Film Review

Jonathan Hensleigh’s The Ice Road

The Liam Neeson ice road trucking movie might not top any 2021 charts (including mine) and is admittedly an outlandishly hectic thriller but I’ll be damned if I didn’t enjoy every tension soaked, amped up minute of it. Neeson plays a down on his luck trucker with a special needs brother (Marcus Thomas) who is recruited by a powerful trucking boss (Laurence Fishburne) for a near suicide mission: deliver excavation parts to a remote Winnipeg mining quarry where a handful of workers have been trapped underground following a tunnel collapse. This involves navigating miles of ruthless ice road terrain with giant 18-wheel semis and someone who is trying to sabotage their mission with brutal corporate espionage at the behest of the corrupt mining company underboss (Matt McCoy).
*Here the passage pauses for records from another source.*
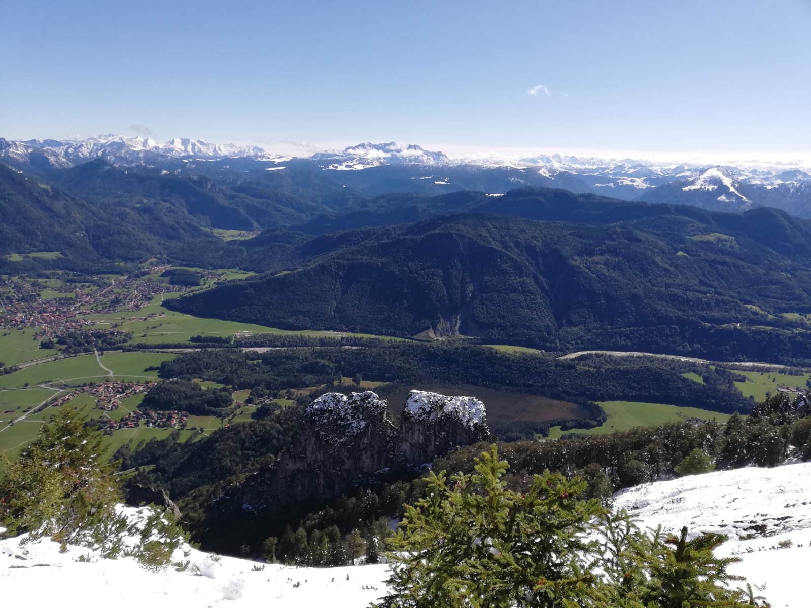 „Wo ist Gott?“ Unter diesem Leitgedanken stand die diesjährige spirituelle Wanderung der Sektion. Den Rahmen dieser Tour bildeten vier Stationen bei denen sich die Teilnehmer mit dieser Frage beschäftigten. Mit einer kurzen Vorstellungsrunde und einem gemeinsamen Lied ging es los. Nach einigen Minuten Gehzeit nutzten wir eine kleine Anhöhe um inne zu halten und die Umgebung mit allen Sinnen wahrzunehmen. Dazu wurden die Teilnehmer mit Hilfe ignatianischer Spiritualität angeleitet. Weiter ging es nun durch den Wald und schließlich hinauf auf die Aussichtsplattform der Gscheurerwand. Ein beeindruckender Ausblick auf den Chiemsee und die umliegenden Berge erwartete uns hier. Das eindrucksvolle Naturerlebnis wurde mit einem live gespielten Flötenstück begleitet.
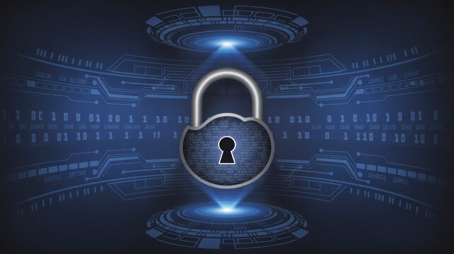 Digital lock icon is showcased centered in the image, displaying intricate electronic circuitry on its surface with a glowing keyhole, set against a backdrop of flowing binary code.
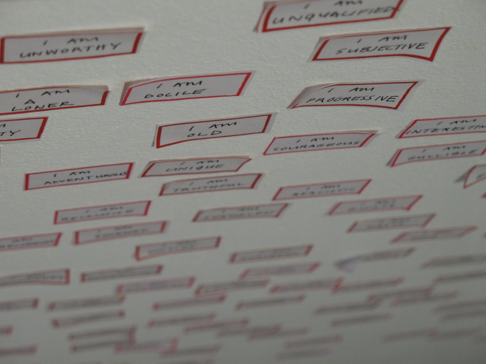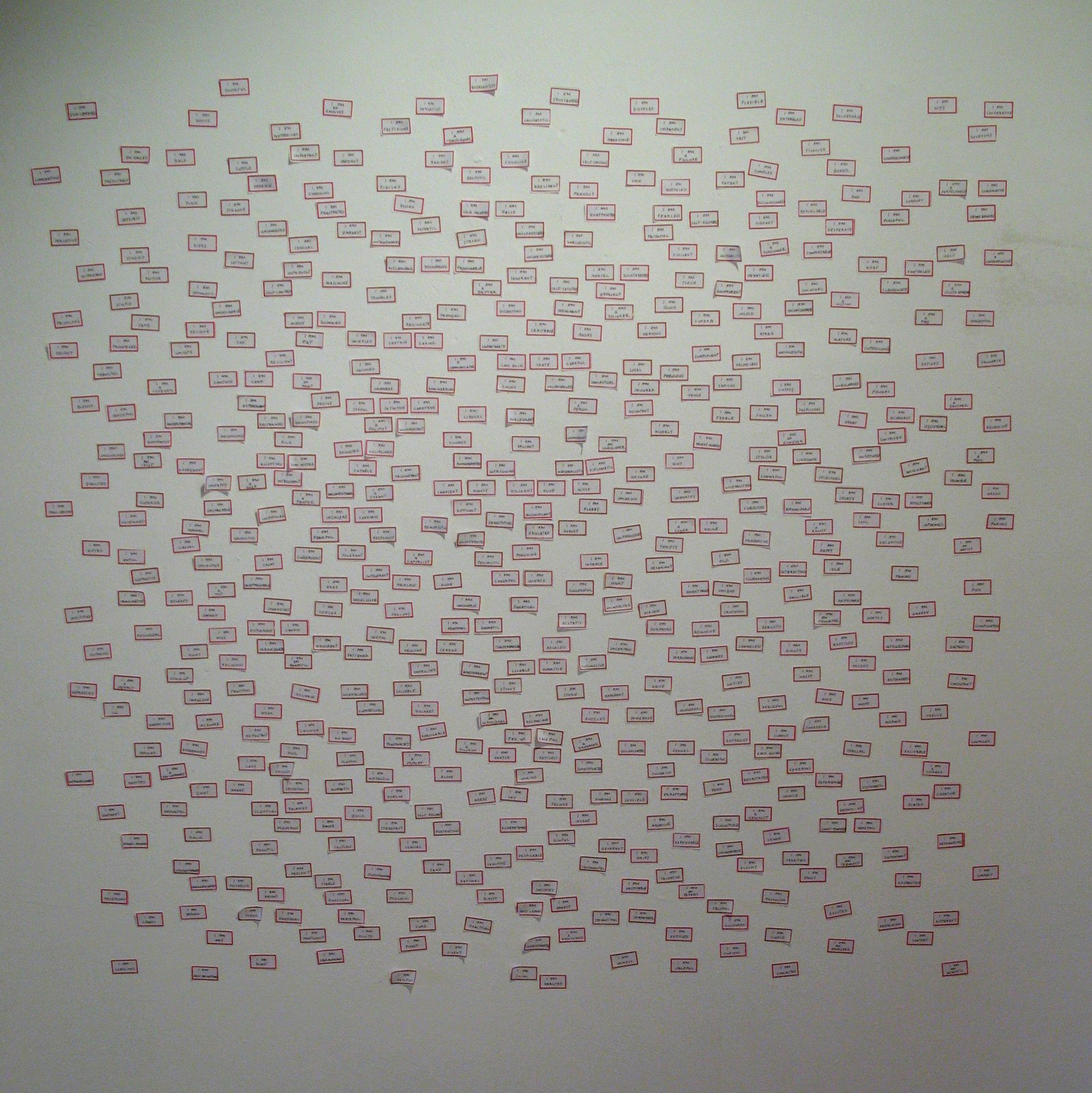 EXCHANGE EXCHANGEInstallation 2010 EXCHANGE Installation 2010 EXCHANGE Installation 2010 EXCHANGE Installation 2010 EXCHANGE Installation 2010 EXCHANGE Installation 2010 EXCHANGE Installation 2010 EXCHANGE Installation 2010 THE SPARK THAT WEAVES THE TISSUEEnamel on Canvas. 30 x 40 cm each. 2010 TO CONSTRUCT A SELFWriting on Labels. 2010 TO CONSTRUCT A SELF (DETAIL). Writing on Labels. 2010
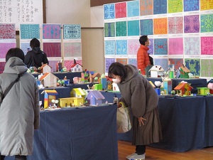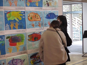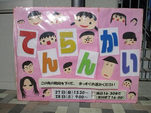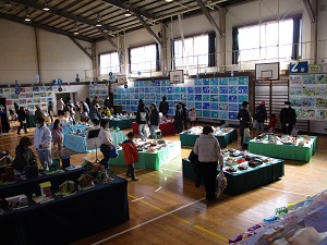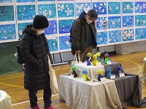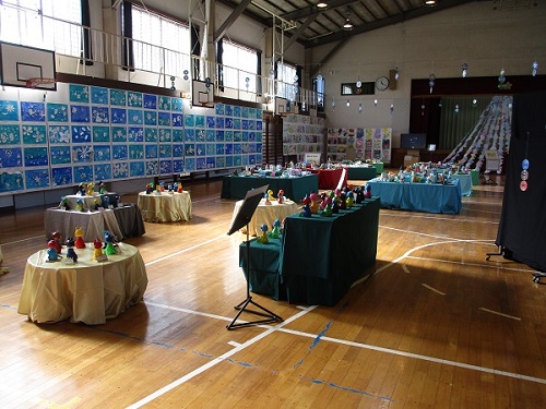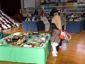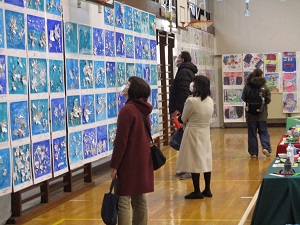 作品の展示、飾り付けなどの準備が終わり、今日から展覧会が始まりました。体育館いっぱいに作品が並ぶと圧巻です。じっくり見て回ると、努力の跡が見られるところやすてきな発想、思わず声をあげてしまうような作品がたくさんあります。早く保護者の皆様にも見ていただきたいです。(そう思って写真のサイズを大きくしました。)明日の午後1時30分からです。今日は昨日よりも暖かくなりましたが体育館は冷えますので、重ね着やカイロなどでご対応ください。スリッパ等と脱いだ靴を入れる袋を忘れないようお持ちください。
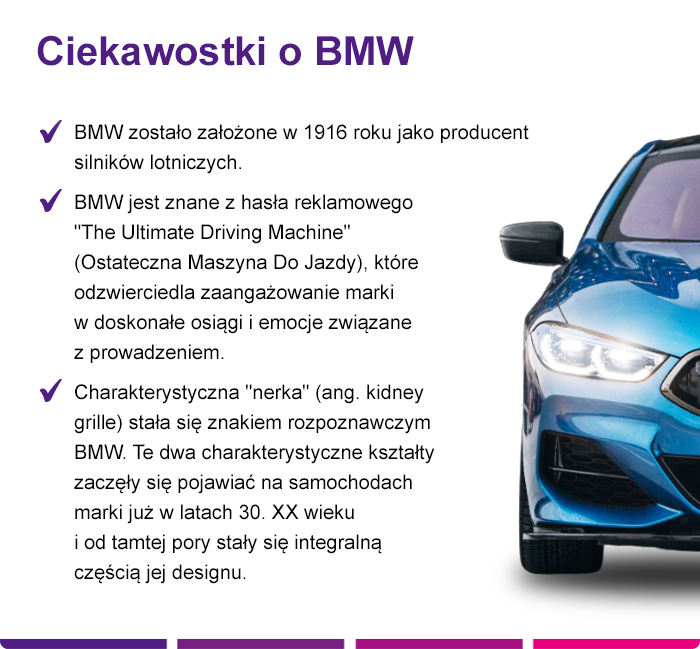 Mało kto nie zna marki BMW. Czy wiesz, że ten brand pierwotnie produkował silniki lotnicze, a dopiero później rozszerzył swoją działalność na konstruowanie samochodów i motocykli? Historia marki BMW liczy ponad 100 lat. Przez ten czas firma wyprodukowała wiele znanych i cenionych modeli dla segmentu A, B, C oraz D. Począwszy od miejskich aut, skończywszy na pojazdach rodzinnych z nadwoziem kombi oraz sedan.
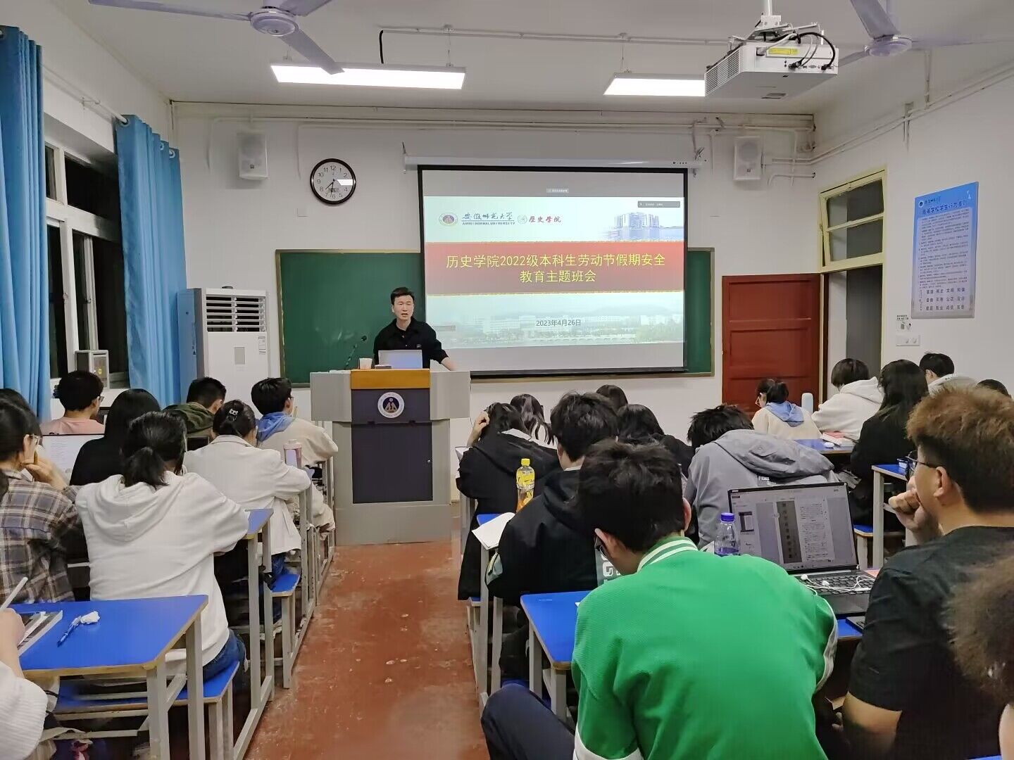 班会伊始,王宗双通过提问互动方式,为同学们简单介绍了劳动节的由来。接着,他向同学们通知了公司关于五一劳动节放假的安排以及相关要求,说明了假期请假的具体流程,提醒大家要严格遵守放假规定。同时,王宗双着重强调了假期安全教育,他围绕假期出游安全,居家安全,交通安全,防范网络电信诈骗等方面,对各类安全知识,安全注意事项等作出细致讲解。此外,王宗双还提醒同学们假期中要保持联络通畅,如遇特殊情况或有特殊需求,要及时反映报告给家长与辅导员。最后,王宗双给同学们提供了五一小长假的建议,治学以明智,劳动以育德,他鼓励同学们积极主动地参与家务劳动,做一些自己力所能及的事情。
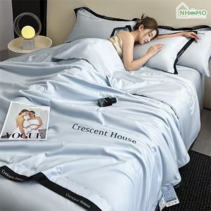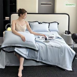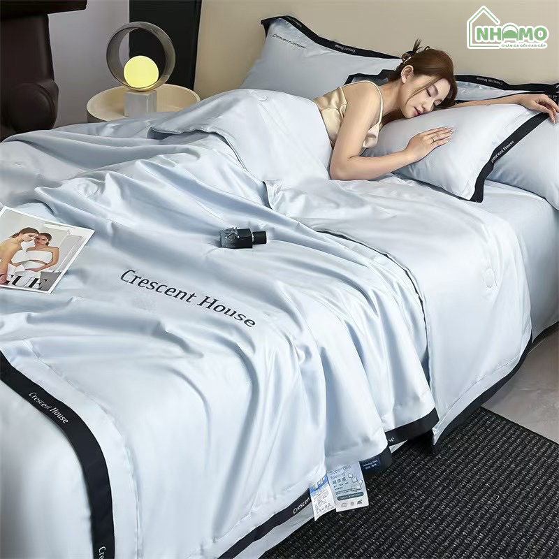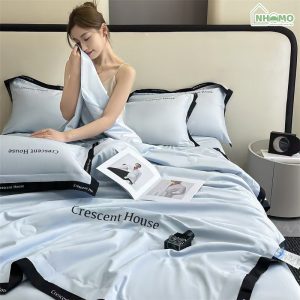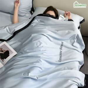 Chăn Hè Phi Lụa Cao Cấp Minimail Xanh Da Trời
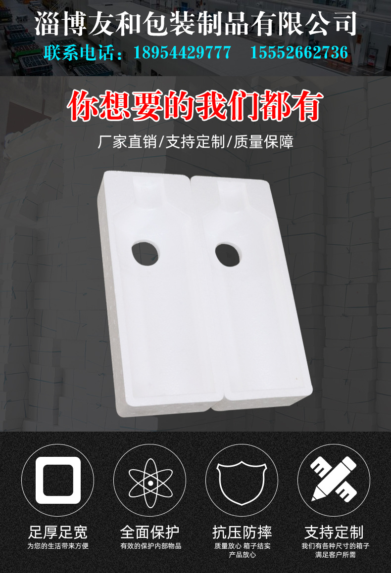 ????淄博友和包裝制品有限公司是專業(yè)的山東泡沫包裝箱加工廠家,本廠主要產(chǎn)品有:泡沫包裝箱,泡沫保鮮箱,水果蔬菜泡沫包裝箱,水果蔬菜泡沫保鮮箱,瓷磚泡沫包裝箱等,產(chǎn)品暢銷全國,深受用戶好評。泡沫包裝定做可以聯(lián)系我們網(wǎng)站 http://www.ny4455.cn/ 上電話,我們會第一時間跟您聯(lián)系。
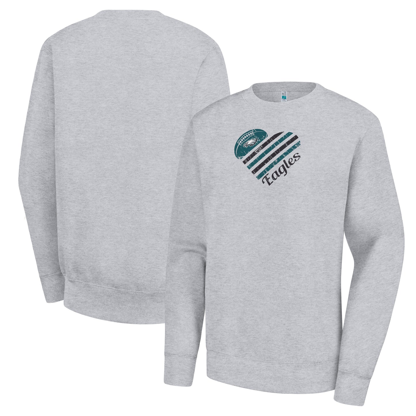Women's G-III 4Her by Carl Banks Heather Gray Philadelphia Eagles Heart Graphic Fleece Pullover Sweatshirt

The stakes are high, the ice is thin and the sensationalism runs thick with this one; it’s not just a trucking survival thriller although those elements are handled well, it also incorporates elements of classic Neeson action fare too as their crew does battle with an almost invincible company assassin (Benjamin Walker) trying to bring them down. Neeson is reliably gritty and even displays some vulnerability while Fishburne, although sadly underused, goes by the porn-star name of ‘Jim Goldenrod’ here which alone hilariously makes up for his lack of screen time. Others make nice impressions including Amber Midthunder as a badass indigenous trucking prodigy who moonlights as a fierce activist and the always awesome Holt McCallany as the foreman of the trapped workers. The film is hectic as all hell, over-plotted and packed with incident, in addition to the hair raising ice trucking episodes we also get gunplay, snowmobile chases, surprisingly effective dramatic heft, hand to hand combat, a dynamite fuelled avalanche and the film even somehow finds time to throw in some social commentary on veterans with PTSD, the opioid crisis and stolen native land. It’s a LOT, but it somehow kind of works in a big jumble of plot, action and incident that while definitely too cluttered, could never be accused of not being anything but 100% ambitious from stem to stern.